Wuthering Heights(呼啸山庄)1970
Laurence Olivier and Merle Oberon take on the roles of Emily Bronte's star-crossed lovers in this 1930s adaptation of the classic novel
Samuel Goldwyn said that this was his favourite of all the films he produced. It received no fewer than eight Oscar nominations back in the days when that really meant something and critics have often said that it's the greatest romantic film ever made. Unfortunately, for modern audiences at least, it doesn't live up to these grand expectations.

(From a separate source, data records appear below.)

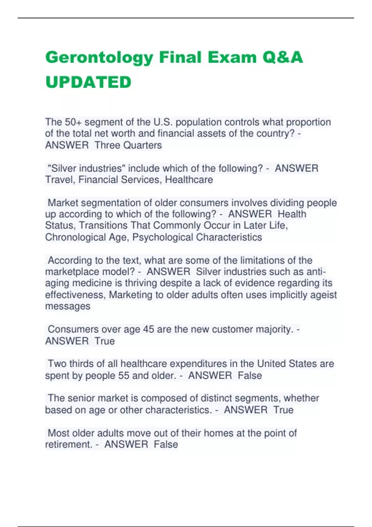 Gerontology Final Exam Q&A UPDATED The 50+ segment of the U.S. population controls what proportion of the total net worth and financial assets of the country? - ANSWER Three Quarters "Silver industries" include which of the following? - ANSWER Travel, Financial Services, Healthcare Market segmentation of older consumers involves dividing people up according to which of the following? - ANSWER Health Status, Transitions That Commonly Occur in Later Life, Chronological Age, Psychological Characteristics According to the text, what are some of the limitations of the marketplace model? - ANSWER Silver industries such as antiaging medicine is thriving despite a lack of evidence regarding its effectiveness, Marketing to older adults often uses implicitly ageist messages Consumers over age 45 are the new customer majority. - ANSWER True Two thirds of all healthcare expenditures in the United States are spent by people 55 and older. - ANSWER False The senior market is composed of distinct segments, whether based on age or other characteristics. - ANSWER True Most older adults move out of their homes at the point of retirement. - ANSWER False Evidence shows that older people can be motivated to buy and use new products or services if they see a clear benefit in what is offered. - ANSWER True Marketing has often missed the target of older consumers by failing to recognize the crucial dimension of individual differences. - ANSWER True Anti-aging medicine hasn't been very appealing to consumers. - ANSWER False The power of cumulative advantage and disadvantage means that, as we grow older, inequality is likely to increase. - ANSWER True According to the U.S. Department of Labor, careers in aging are expected to be a high-growth area during the next decade. - ANSWER True Ageism—age stereotyping—was created by the advertising industry. - ANSWER False Of all social media users, 33% are baby boomers - ANSWER True The majority of older adults surveyed recently indicated that technology use is not very important to them. - ANSWER False Anti-aging medicine has been proven to increase maximum life span and slow biological aging. - ANSWER False Advertising and marketing tends to ignore the potential of the older adult market. - ANSWER True Approximately how many babies were born during the "Baby Boom" generation? - ANSWER 77 million The "Baby Boomer" generation refers to people born between which years? - ANSWER There is a large amount of _______ among members of the "Baby Boomer" generation. - ANSWER Heterogeneity Which model allows us to look at factors that will influence members of cohorts? - ANSWER Age-Period-Cohort Effects that impact all age groups in society at the same time are called ______. - ANSWER Period Effects Effects associated with events affe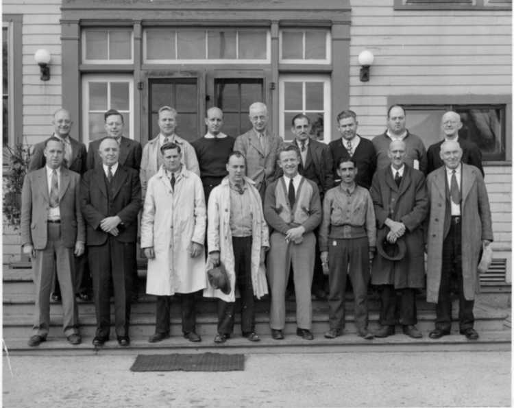- en-CA Front row L-R: Chris Kelsall, Frank Uttley, Tom Bestor, Al Anderson, Harry Webber, Phil Fisher, Boudreau, Bill Johnson; Back row L-R: Harry Clarke, Hugh Doherty, Wally Miller, Jack Williamson, ( Walter )? Denks, Harry Reynolds, Pete Bishop, Ernie Cody, Harry ? ;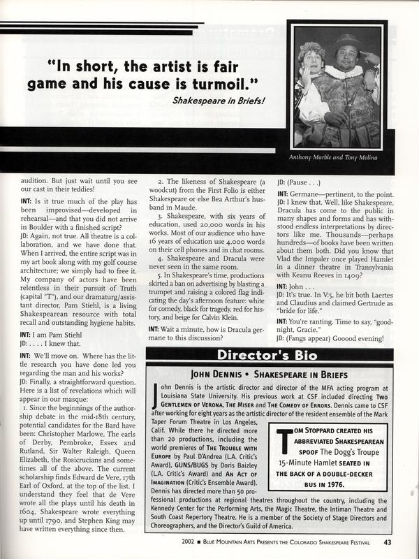 Rights | Artifact © Colorado Shakespeare Festival [web site] |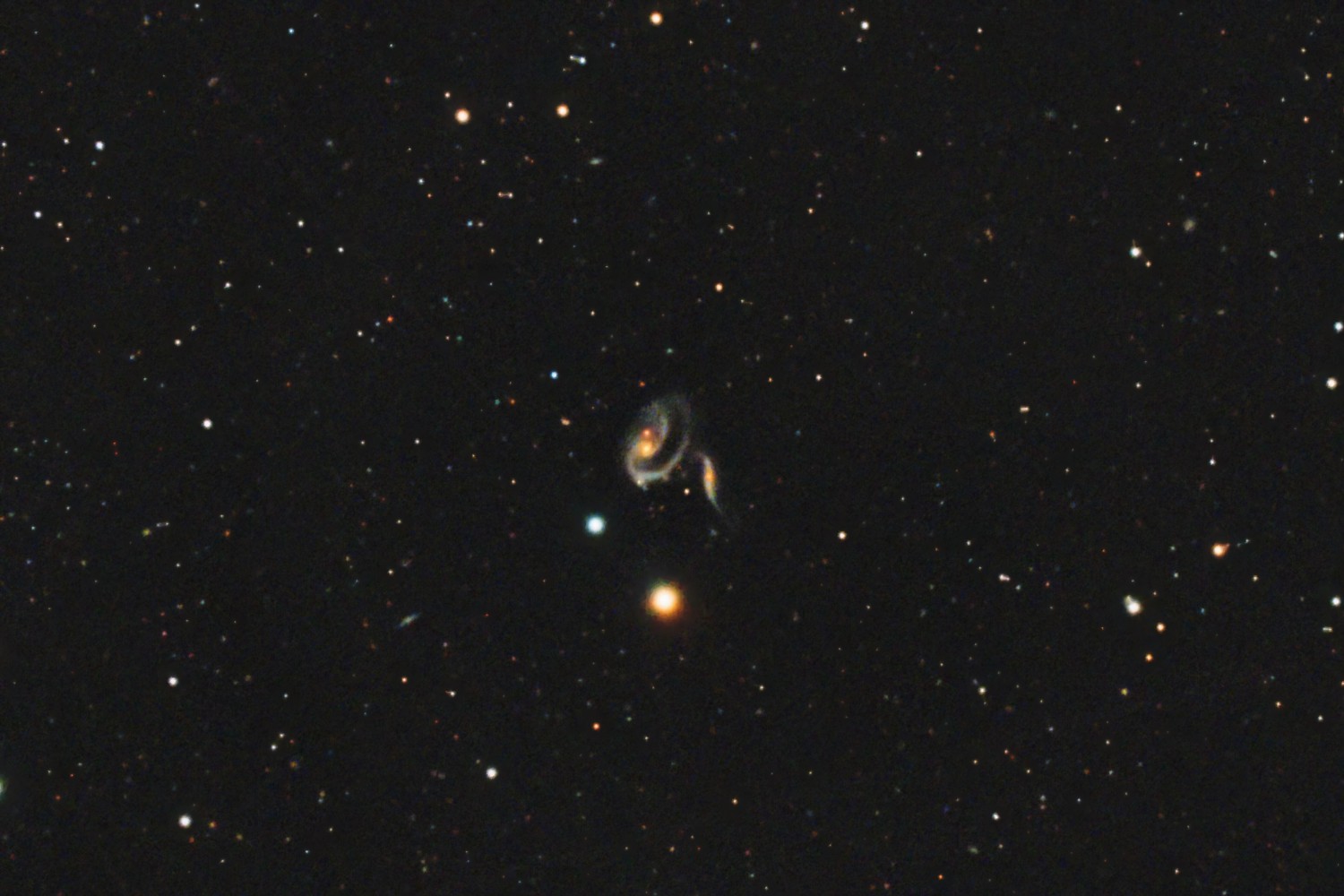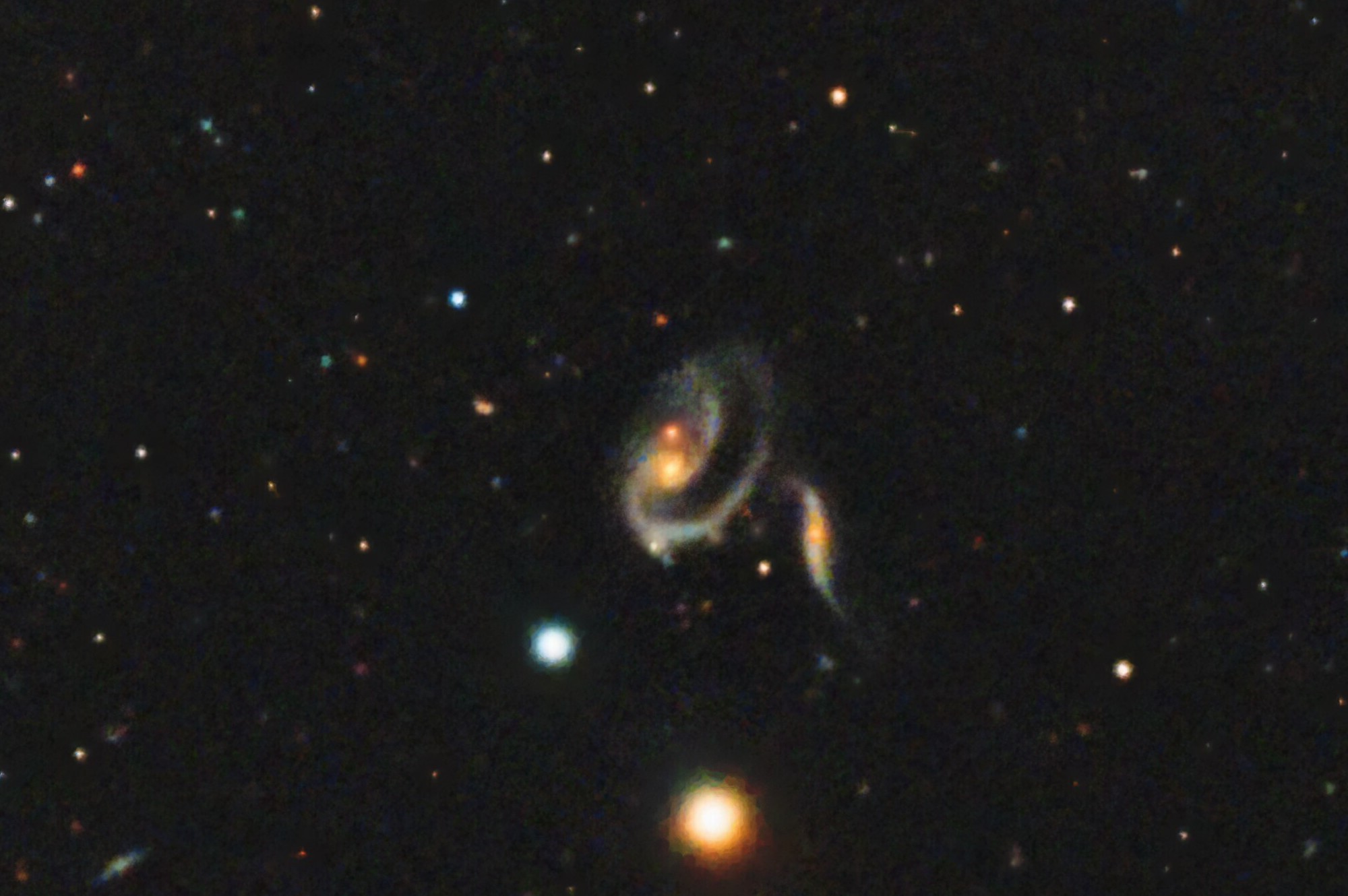 Capturing these very deep 'Deep Sky' images is quite a challenge, so hat's off to James for this distant effort. In the image you can see that the graviational attraction between the two is tidally distorting the spiral shape of UGC1810. The interaction is also known to be creating active star formation at UGC1813's nucleus.

The "vagabond gypsy boy" Heathcliff (played as a child by Rex Downing) arrives at Wuthering Heights and is taken in by the kind owner, Earnshaw (Kellaway). Heathcliff and the young Cathy Earnshaw (Sarah Wooton as the child) quickly become inseparable, though Heathcliff is loathed by the brattish Hindley (Scott) who spends most of his time horse-whipping him and throwing fake looking stones at his head. This is the weakest section of the film - the children slip in and out of American accents and Yorkshire burrs, the whiney, highly strung score is intrusive and the composition of the scenes is clumsy right down to the lighting (candles give off impossible light, shadows fall in the wrong direction). Fans of the book may have trouble accepting the camp, hammy Olivier as the dark and brooding Heathcliff and his performance lacks the power and bleakness necessary for a man consistently likened to "the devil himself". Furthermore, the landscape doesn't really look like Yorkshire and the screenplay is at first clunky and crude. Ben Hecht's and Charles MacArthur's episodic narrative jumps through the years at an alarming rate with clumsy interjections from a storytelling servant Ellen Dean (Robson) to keep slower audience members -and her entirely superfluous interlocutor Mr Lockwood (Mander) -abreast of what's going on. Fortunately matters improve as time moves on and the action intensifies. Heathcliff disappears and Cathy (now played by Merle Oberon) breaks both their hearts by marrying the moneyed Edgar Linton (David Niven). There are some genuinely intense scenes and Oberon is consistently impressive as the wild yet vulnerable Cathy, while Olivier musters some tenderness for the tragic and impressive final scenes. Verdict
A torrid half an hour of passion at the end of this picture doesn't quite make up for the hour of drudgery that goes before it. And Laurence Oiivier's Heathcliff is nothing like as impressive as Timothy Dalton's from 1971.